The announcement places SSB at the centre of a new phase in the Turkiye-Egypt rapprochement. The emphasis is not limited to procurement. Görgün’s reference to joint capability development points to a broader industrial agenda that could include production planning, technology cooperation, sustainment, subsystem supply, ammunition, platform integration and long-term programme management.
This gives the visit an institutional defence industry character. Political normalization between Ankara and Cairo has already advanced, and military-to-military contact has recently increased. The SSB track adds a third layer: defence industrial planning. If this layer deepens, the relationship may move from diplomatic repair toward practical capability cooperation.
The Letter of Intent should therefore be read as an early framework document rather than a final procurement package. It does not yet define specific programmes, quantities, delivery schedules or industrial roles. Its importance lies in creating a formal channel through which future projects can be evaluated by the two defence establishments.
The timing is also significant. The meeting followed a period of visible military engagement between the two countries. Turkiye, Azerbaijan and Egypt recently conducted the Three Eagles exercise in Konya, while Turkish and Egyptian special forces also carried out joint operational training in Egypt under the Golden Eagle framework. These activities do not by themselves constitute an alliance, but they show that operational contact is being rebuilt in parallel with political normalization.
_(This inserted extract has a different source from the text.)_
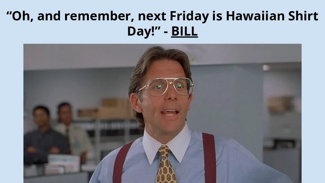 Quotes Bill Lumbergh. So if you could be here around 9 that would be great mmmk.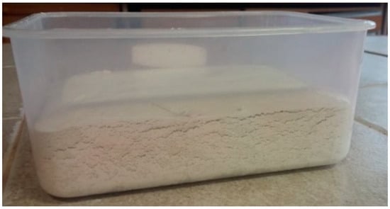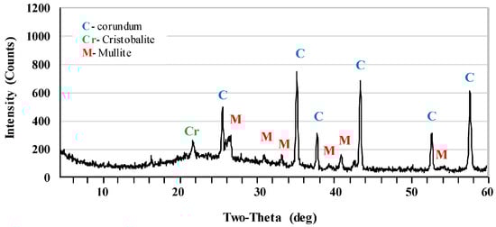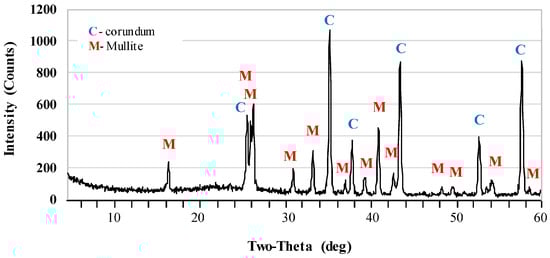 Kaolin is a relatively prevalent soft, often chalk-like sedimentary rock with an earthy smell. Kaolin is low-plasticity clay, and the melting point of pure kaolin is around 1770 °C, while impurities lower its melting point [2,5]. The main mineral of these clays is kaolinite. The theoretical formula of kaolinite is Al2O3·2SiO2·2H2O. Kaolinite is formed in the kaolinisation process from feldspar (potassium feldspar), granite or aluminium silicates over a long period of time. It is known from the literature that the percentage of the main oxides of kaolin from different deposits can vary up to 10 wt%. Thus, for example, the content of SiO2 and Al2O3 is 53.7 wt% and 41.8 wt% in French kaolin, 53.1 wt% and 44.4 wt% in Algerian kaolin, 62.1 w t% and 36.8 wt% in Malayan kaolin, and 52.8 wt% and 44.7 wt% in American kaolin, respectively [1,6,7]. Kaolin also contains other oxides and minerals, the amount of which is variable, for example, 0.05 wt% of Fe2O3 and CaO, 0.04 wt% of MgO, Na2O and TiO2, and 0.03 wt% of K2O. Usually, kaolin additionally contains quartz and mica, and less often, feldspar, illite, montmorillonite, hematite, bauxite, zircon, rutile, kyanite, sillimanite and others [1,5,7].

The visit was not limited to the defence industry track. Zaher also held talks with Turkiye’s Ministry of National Defence, giving the process a wider military and strategic context. However, the SSB meeting is important because it turns the relationship toward industrial mechanisms. Defence cooperation becomes more durable when it is supported by production planning, maintenance structures, supply chains and shared capability roadmaps.
For Turkiye, Egypt is a significant potential partner. It has one of the region’s largest armed forces, a major defence market, a long-standing military production base and strategic access to the Eastern Mediterranean, the Red Sea, North Africa and the Arab world. Cooperation with Cairo could therefore offer Turkish defence companies not only a market, but also a potential industrial and geographic bridge into wider regional demand.
For Egypt, Turkish defence industry offers a different value proposition. Turkish companies have expanded rapidly in unmanned systems, armoured vehicles, naval platforms, guided munitions, air defence, electronic warfare, command-and-control software and ammunition production. Cooperation with Ankara could support Cairo’s long-standing aim of increasing local defence production and diversifying its external suppliers.
The rapprochement is notable because the two countries spent nearly a decade on opposite sides of several regional disputes. Relations deteriorated sharply after the 2013 change of government in Egypt. Libya became the most visible military and political fault line, with Turkiye supporting the UN-recognized government in Tripoli and Egypt backing the eastern camp led by Khalifa Haftar. Eastern Mediterranean energy alignments, the Muslim Brotherhood issue and the Qatar crisis further deepened the divide.
Those files have not disappeared. Libya, maritime boundaries, regional alignments and the balance of power in the Eastern Mediterranean remain sensitive subjects. However, the current direction shows that Ankara and Cairo are choosing to manage these disputes while expanding areas of practical cooperation.
That is why the defence industry track matters. It gives the normalization process a material dimension. Joint capability development, if it advances, would create bureaucratic, industrial and military links that are harder to reverse than diplomatic gestures alone. The meeting also underlines SSB’s role in Turkiye’s defence industrial diplomacy, while showing that Ankara and Cairo are moving beyond normalization toward selective defence cooperation despite unresolved strategic files.